The Hoverhome and Hover Farmstead, at 1303-1309 Hover Rd. in Longmont, Colorado, are the remains of a historic farmstead. The current 4.3 acre site was listed on the National Register of Historic Places in 1999.

A farmstead house built in 1893 is included, and also a Tudor Revival house, the "Hoverhome" or Hover Mansion, which was built in 1913–14. The latter was designed by Denver architects Robert S. Roeschlaub and Frank S. Roeschlaub.
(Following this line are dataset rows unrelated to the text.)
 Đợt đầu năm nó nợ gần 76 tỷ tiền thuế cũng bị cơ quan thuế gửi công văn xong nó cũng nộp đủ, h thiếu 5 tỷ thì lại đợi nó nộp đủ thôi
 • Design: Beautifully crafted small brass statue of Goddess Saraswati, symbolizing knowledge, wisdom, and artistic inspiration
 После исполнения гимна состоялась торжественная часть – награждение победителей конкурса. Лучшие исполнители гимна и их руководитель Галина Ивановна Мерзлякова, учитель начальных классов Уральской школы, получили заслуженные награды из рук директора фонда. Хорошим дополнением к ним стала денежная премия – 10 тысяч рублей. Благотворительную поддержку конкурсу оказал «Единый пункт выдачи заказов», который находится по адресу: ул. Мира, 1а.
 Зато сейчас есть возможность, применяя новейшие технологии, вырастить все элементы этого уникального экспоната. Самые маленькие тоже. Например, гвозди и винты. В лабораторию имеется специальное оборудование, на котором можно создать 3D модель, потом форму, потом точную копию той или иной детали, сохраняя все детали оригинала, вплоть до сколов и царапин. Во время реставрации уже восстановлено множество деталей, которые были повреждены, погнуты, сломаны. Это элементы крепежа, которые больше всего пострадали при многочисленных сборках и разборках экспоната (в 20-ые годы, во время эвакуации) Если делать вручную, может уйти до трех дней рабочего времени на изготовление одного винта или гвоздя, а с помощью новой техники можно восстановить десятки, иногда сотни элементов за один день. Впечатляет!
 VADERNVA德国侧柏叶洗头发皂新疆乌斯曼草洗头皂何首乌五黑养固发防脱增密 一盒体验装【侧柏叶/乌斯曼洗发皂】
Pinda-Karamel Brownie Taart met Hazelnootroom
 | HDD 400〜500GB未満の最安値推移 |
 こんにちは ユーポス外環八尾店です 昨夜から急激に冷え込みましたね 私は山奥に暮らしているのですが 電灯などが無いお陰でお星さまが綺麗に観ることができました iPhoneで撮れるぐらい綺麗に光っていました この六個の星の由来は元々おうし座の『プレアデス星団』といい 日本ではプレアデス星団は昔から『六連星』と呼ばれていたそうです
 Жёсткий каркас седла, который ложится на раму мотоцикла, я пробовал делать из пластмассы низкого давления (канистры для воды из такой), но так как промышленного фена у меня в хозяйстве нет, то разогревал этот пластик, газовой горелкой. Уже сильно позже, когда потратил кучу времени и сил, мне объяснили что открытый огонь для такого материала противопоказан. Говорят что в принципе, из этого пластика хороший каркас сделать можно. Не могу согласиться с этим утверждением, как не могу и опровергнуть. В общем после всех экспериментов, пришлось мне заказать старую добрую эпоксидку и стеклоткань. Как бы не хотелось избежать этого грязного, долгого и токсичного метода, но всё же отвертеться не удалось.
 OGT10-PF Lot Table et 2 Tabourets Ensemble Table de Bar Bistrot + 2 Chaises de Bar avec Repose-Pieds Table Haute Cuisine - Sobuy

The site also includes agricultural buildings dating from c.1902 to c.1910, developed after Charles Hover purchased the property in 1902. These are among five more contributing buildings, seven contributing structures, and two contributing sites covered in the listing.

Charles Lewis Hover had the Hoverhome built in 1913-1914 for himself, his wife Katherine, and their adopted daughter Beatrice; their family is the only family to have lived in the home. It is a 1.5-story, 6,000 sqft, brick, east-facing building. The mansion has an irregular plan about 65x30 ft in dimension, and includes a porte-cochere. The mansion is trimmed by terra cotta.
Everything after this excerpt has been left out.